Supplied information:

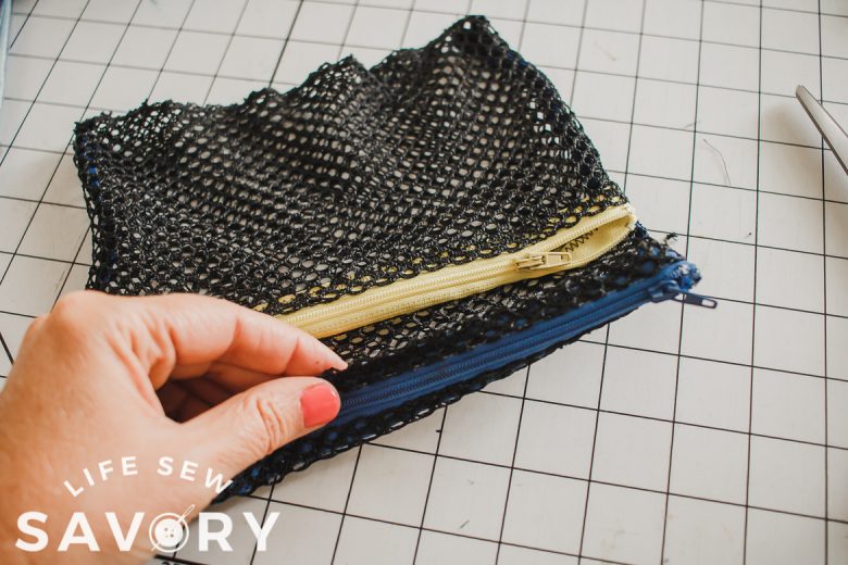I’ve listed what I did use as well as what I wish I had… I did end up ordering a 1/2 yard of the pricey plastic mesh and I’ll keep you posted on if it’s a good option. Here’s how this same pouch looks sewn from the new material.
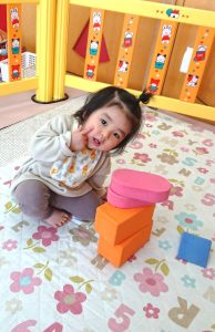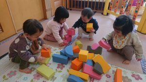 お友だちと一緒に様々な形の積み木を選んで重ねていました。
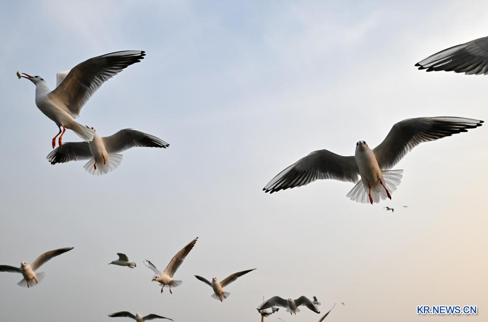[신화망 톈진 12월12일] 겨울철 톈진(天津)시 빈하이(濱海)신구의 하이베이(海貝)테마파크에는 갈매기가 무리지어 서식하고 있다. 이에 많은 관광객은 갈매기에게 먹이를 주며 즐거운 시간을 보내고 있다.
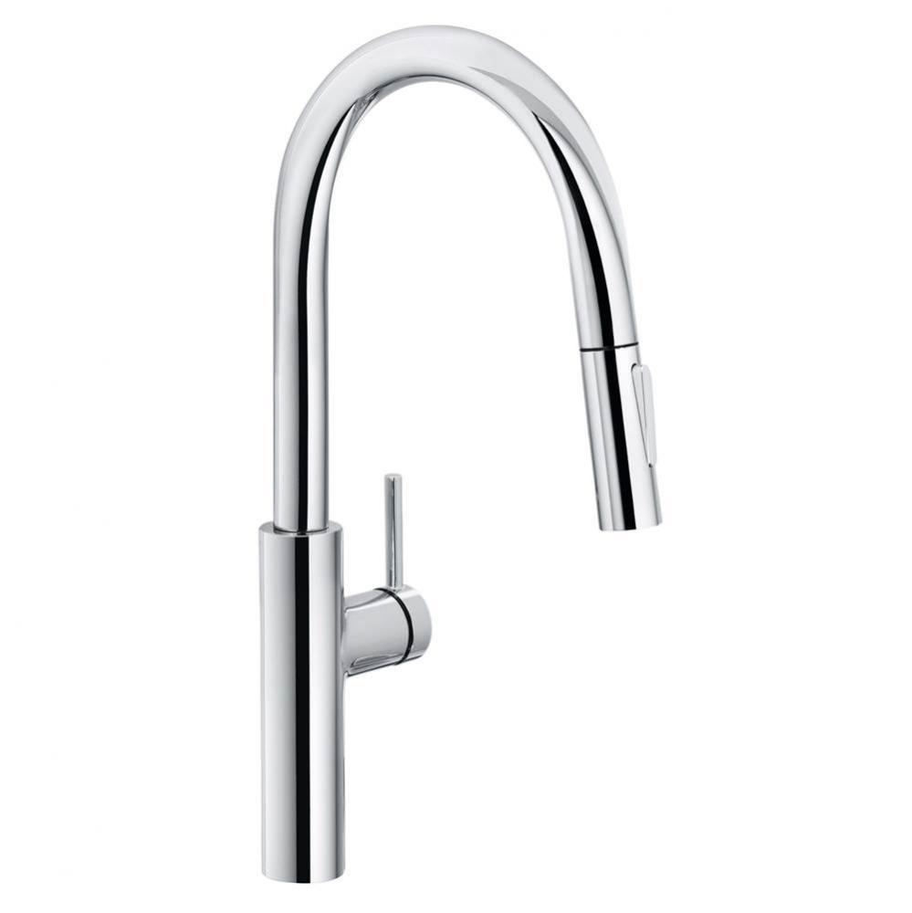 This Franke Pescara pull-down kitchen faucet offers a variety of features to make your daily kitchen tasks more manageable. The pull-down spout provides a wide range of motion, so you can easily reach any area of your sink. The dual-functioning spray head lets you toggle between a powerful spray for removing food and a gentle stream for rinsing produce. The tall arched design offers exceptional space for cleaning or filling large pots and pans. With its superior quality and stylish design, a Pescara faucet is an excellent upgrade for any kitchen.

Try it:
Return only the part above that opens with the line containing "お友だちと一緒に様々な形の積み木を選んで重ねていました。" and closes with the line containing "[신화망 톈진 12월12일]", exactly and with both ends, skipping the pictures.

Response to the exercise:
 お友だちと一緒に様々な形の積み木を選んで重ねていました。
[신화망 톈진 12월12일] 겨울철 톈진(天津)시 빈하이(濱海)신구의 하이베이(海貝)테마파크에는 갈매기가 무리지어 서식하고 있다. 이에 많은 관광객은 갈매기에게 먹이를 주며 즐거운 시간을 보내고 있다.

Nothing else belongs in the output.